Your point would stand if the entire economy wasn't shifted around this product and employees weren't being told to use it or lose their jobs.

empiko · 2025-12-12T08:51:22 1765529482

Consider using structured output. You can define a JSON with specific fields, and LLMs are only used to fill in the values.

https://ai.google.dev/gemini-api/docs/structured-output

ifwinterco · 2025-12-12T08:12:22 1765527142

I'm not an expert but my understanding is transformers based models simply can't do some of those things, it isn't really how they work.

Especially something like expressing a certainty %, you might be able to get it to output one but it's just making it up. LLMs are incredibly useful (I use them every day) but you'll always have to check important output

carsoon · 2025-12-12T20:27:48 1765571268

Yeah I have seen multiple people use this certainty % thing but its terrible. A percentage is something calculated mathemtatically and these models cannot do that.

Potentially they could figure it out if they looks into a comparison of next token probabilites, but this is not exposed in any modern model and especially not fed back into the chat/output.

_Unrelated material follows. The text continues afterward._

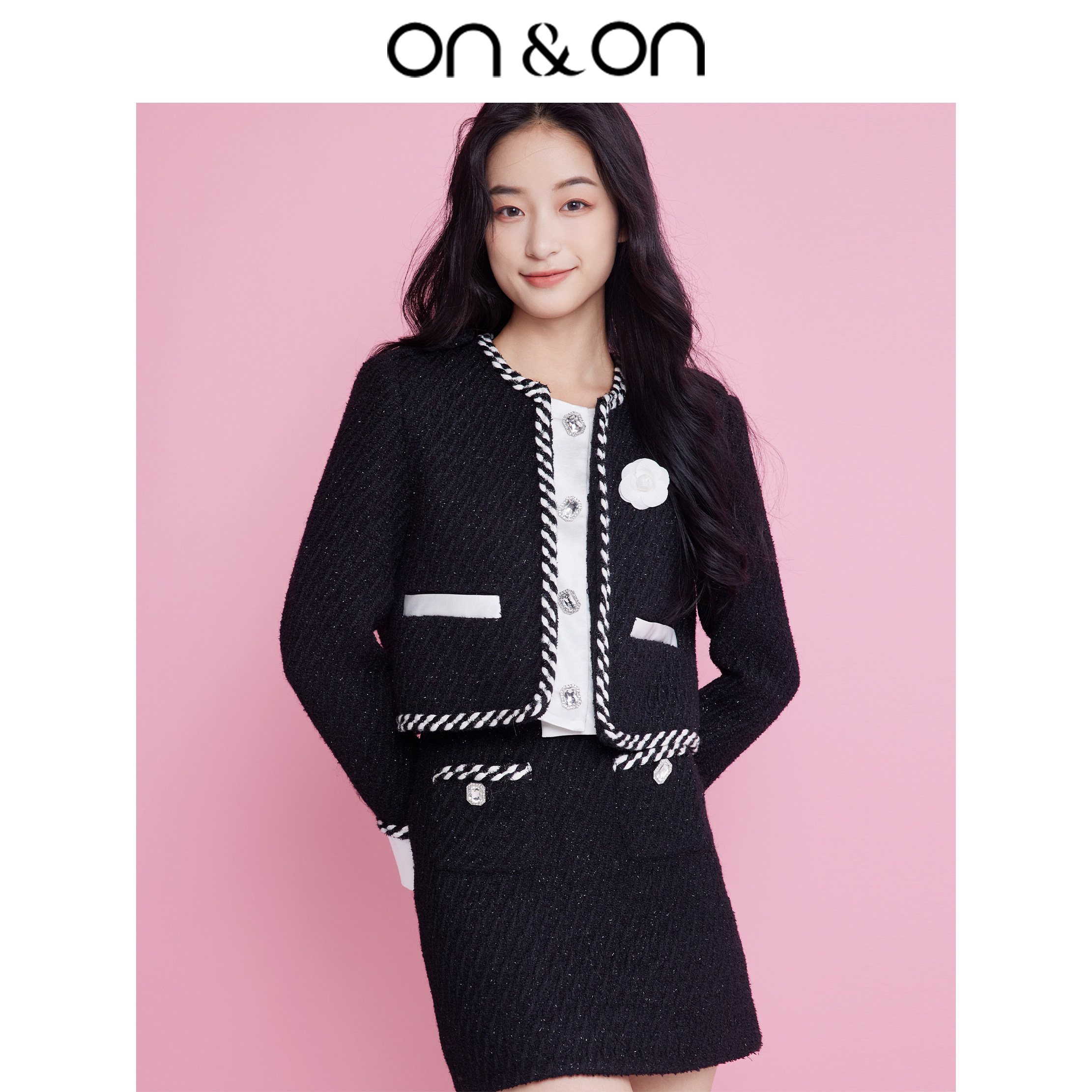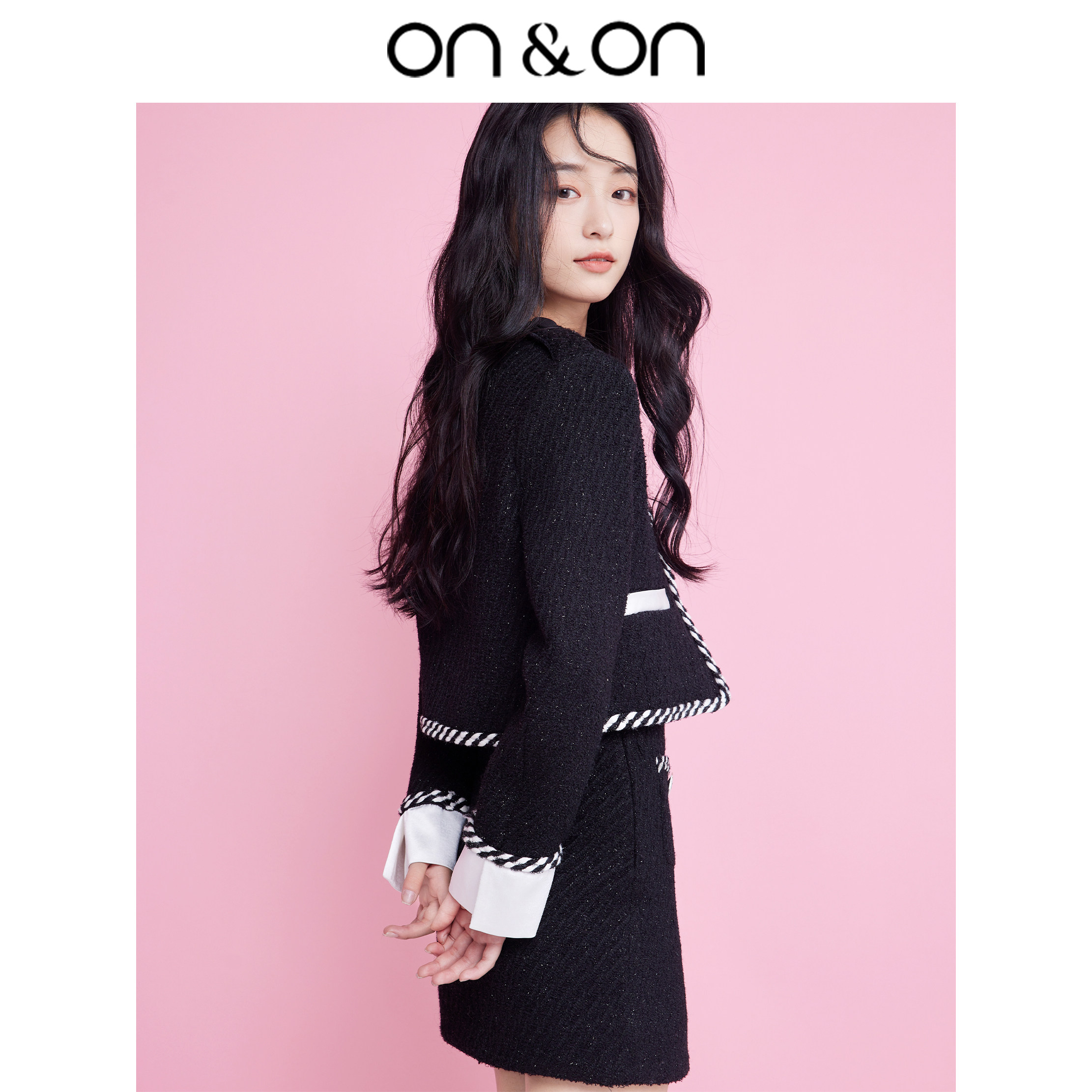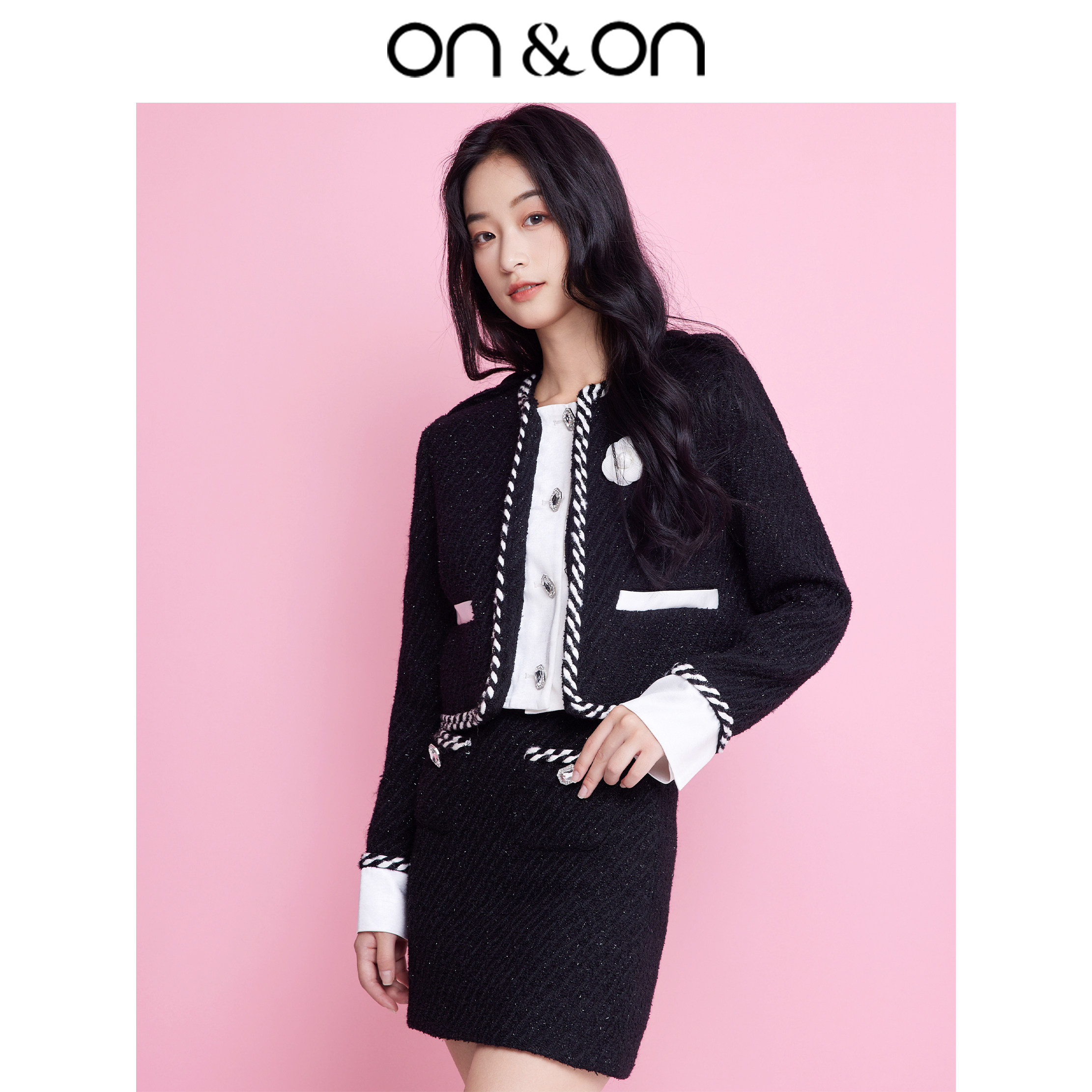 ON&ON/安乃安26春季黑色撞色编制小香风假两件短款羊毛时尚套装

Instead people should just ask it to explain BOTH sides of an argument or explain why something is BOTH correct and incorrect. This way you see how it can halluciate either way and get to make up your own mind about the correct outcome.

nullbound · 2025-12-11T21:31:57 1765488717

<< I feel there is a point when all these benchmarks are meaningless.

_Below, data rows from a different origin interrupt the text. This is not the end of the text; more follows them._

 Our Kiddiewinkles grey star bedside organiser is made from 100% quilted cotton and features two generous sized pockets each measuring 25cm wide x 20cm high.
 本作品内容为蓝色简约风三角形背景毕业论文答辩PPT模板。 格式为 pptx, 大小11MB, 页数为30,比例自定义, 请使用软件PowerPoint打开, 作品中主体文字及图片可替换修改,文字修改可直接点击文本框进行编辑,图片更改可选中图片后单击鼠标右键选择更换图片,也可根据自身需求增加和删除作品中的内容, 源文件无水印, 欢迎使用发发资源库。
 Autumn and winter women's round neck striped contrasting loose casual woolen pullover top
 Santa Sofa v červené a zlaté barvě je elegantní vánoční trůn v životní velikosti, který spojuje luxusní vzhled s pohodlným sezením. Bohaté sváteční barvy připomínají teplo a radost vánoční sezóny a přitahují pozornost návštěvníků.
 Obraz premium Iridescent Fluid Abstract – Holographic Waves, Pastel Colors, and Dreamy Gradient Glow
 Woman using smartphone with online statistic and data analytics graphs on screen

I am relatively certain you are not alone in this sentiment. The issue is that the moment we move past seemingly objective measurements, it is harder to convince people that what we measure is appropriate, but the measurable stuff can be somewhat gamed, which adds a fascinating layer of cat and mouse game to this.

delifue · 2025-12-12T01:31:29 1765503089

Once a metric becomes optimization target, it ceases to become good metric.

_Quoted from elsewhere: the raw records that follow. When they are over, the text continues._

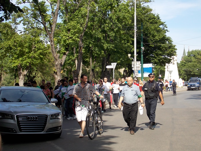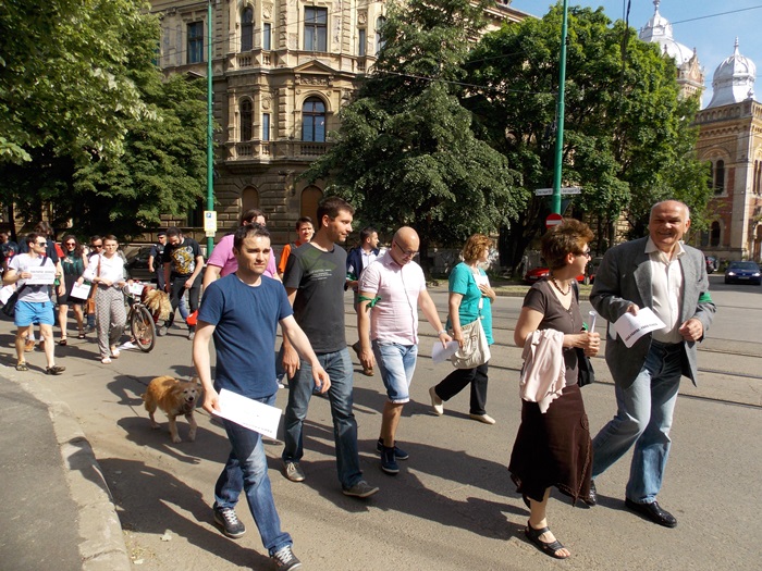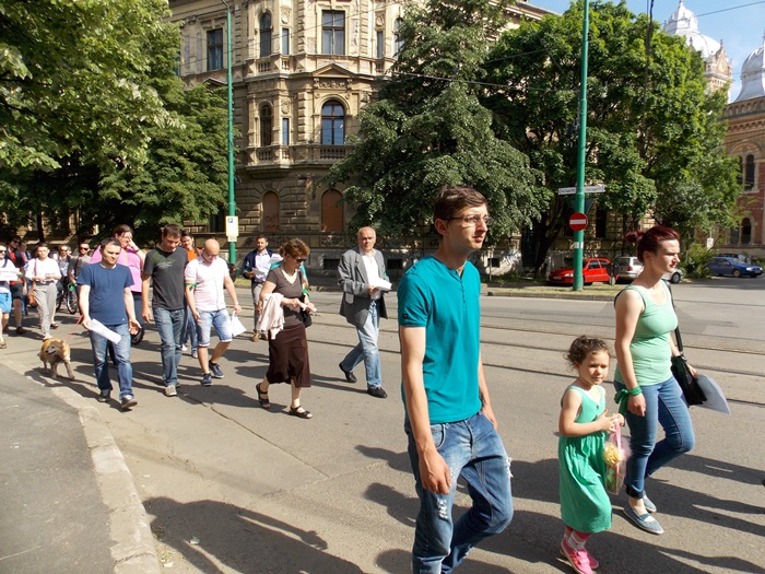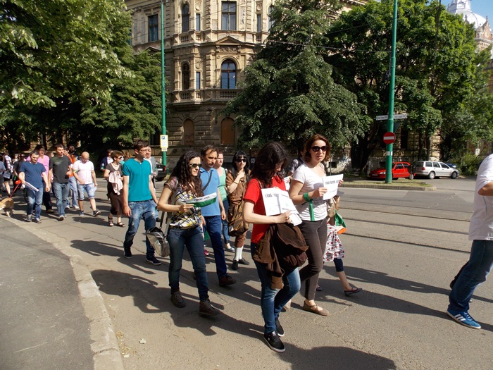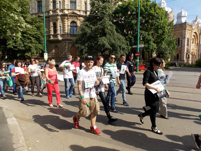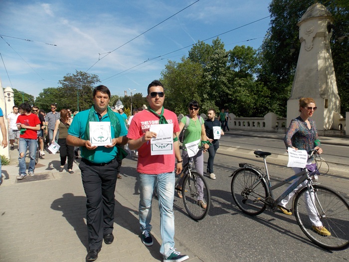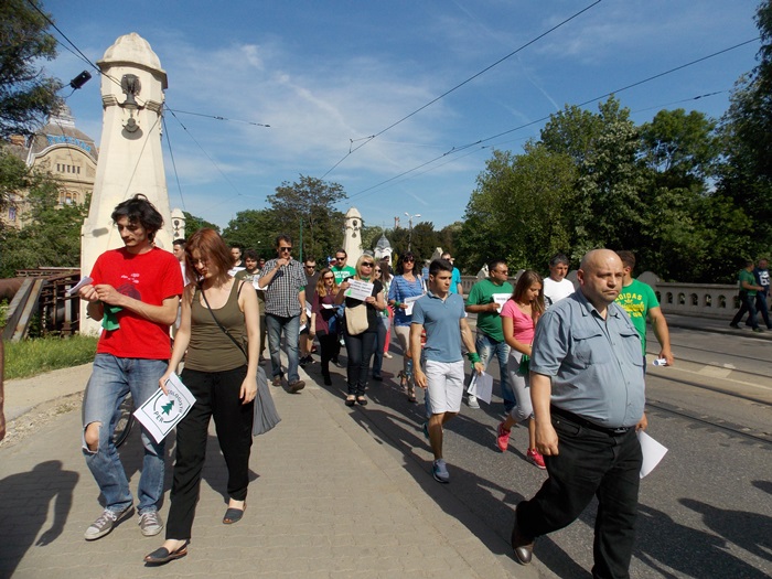 La un moment dat, acestia au decis sa porneasca intr-un mars spre Prefectura Timis, acolo unde se adunasera si protestatarii care si-au dat initial intalnire in Piata Traian. Potrivit jandarmilor, 70 de timisoreni au marsaluit din Piata Traian pana la Prefectura Timis, la apelul PER, cu pancarte ce transmiteau diverse mesaje: “Partidul Ecologist Roman”, “Padurea = viata”, “Fara padure = fara viata” sau “Fara padure = inundatii” ori “Salvam Padurea”.
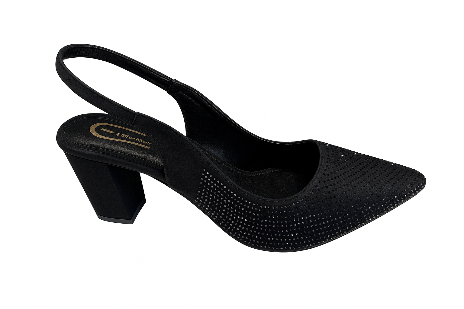 Step into style and comfort with the ZivaWalk Black Rhinestone Slingback Block Heel Pumps. Featuring a pointed toe, sparkling rhinestones, and a secure slingback strap, these 3-inch block heels offer both elegance and stability. Ideal for weddings, parties, or evening events, they pair perfectly with dresses and gowns for a chic, polished look. Crafted for those who appreciate subtle sparkle and classic black sophistication.
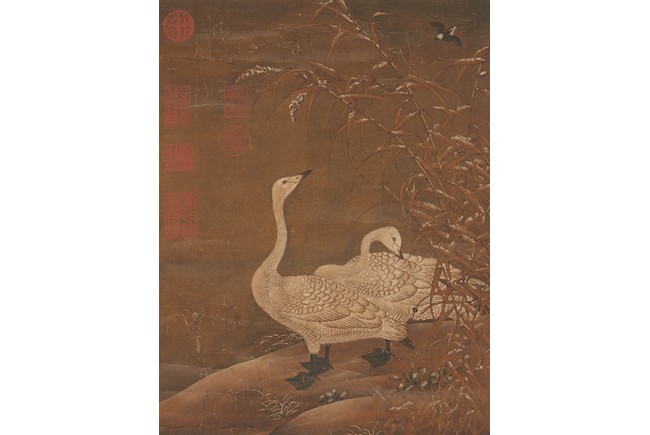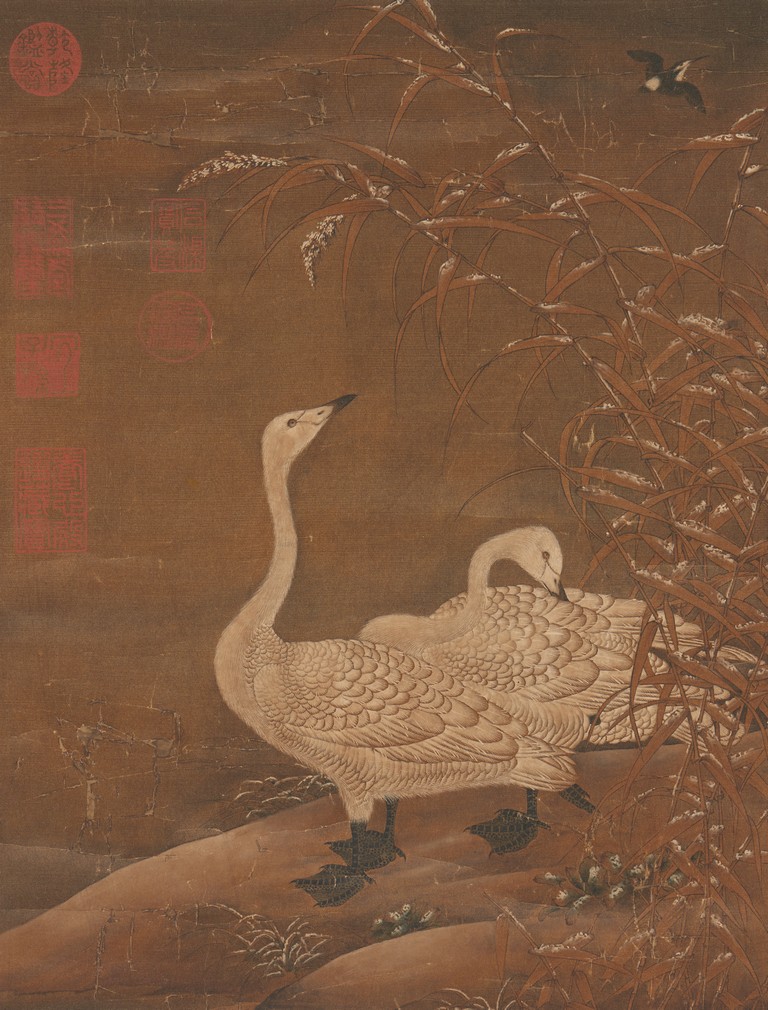 Color and ink on silk. wild goose. Hanging scroll. with six seal marks.

hnfong · 2025-12-12T04:07:29 1765512449

There's a leaderboard that measures user experience, the "lmsys" Chatbot Arena Leaderboard ( https://huggingface.co/spaces/lmarena-ai/lmarena-leaderboard ). Main issue with it these days are that it kinda measures sycophancy and user preferred tone more than substance.

Some issues you mentioned like length of response might be user preference. Other issues like "hallucination" are areas of active research (and there are benchmarks for these).

carsoon · 2025-12-12T20:31:03 1765571463

I have a kinda strange chatgpt personalization prompt but it's been working well for me. The focus is me to get the model to analyze 2 sides and the extremes on both ends so it explains both and lets me decide. This is much better than asking it to make up accuracy percentages.

I think we align on what we want out of models:

""" Don't add useless babelling before the chats, just give the information direct and explain the info.

DO NOT USE ENGAGEMENT BAITING QUESTIONS AT THE END OF EVERY RESPONSE OR I WILL USE GROK FROM NOW ON FOREVER AND CANCEL MY GPT SUBSCRIPTION PERMANENTLY ONLY. GIVE USEFUL FACTUAL INFORMATION AND FOLLOW UPS which are grounded in first principles thinking and logic. Do not take a side and look at think about the extreme on both ends of a point before taking a side. Do not take a side just because the user has chosen that but provide infomration on both extremes. Respond with raw facts and do not add opinions.

Do not use random emojis. Prefer proper marks for lists etc. """

Those spelling/grammar errors are actually there and I don't want to change it as its working well for me.

dontlikeyoueith · 2025-12-12T17:09:27 1765559367

> Refuse to express uncertainty or nuance (i asked ChatGPT to give me certainty %s which it did for a while but then just forgot...?)

They're literally incapable of this. Any number they give you is bullshit.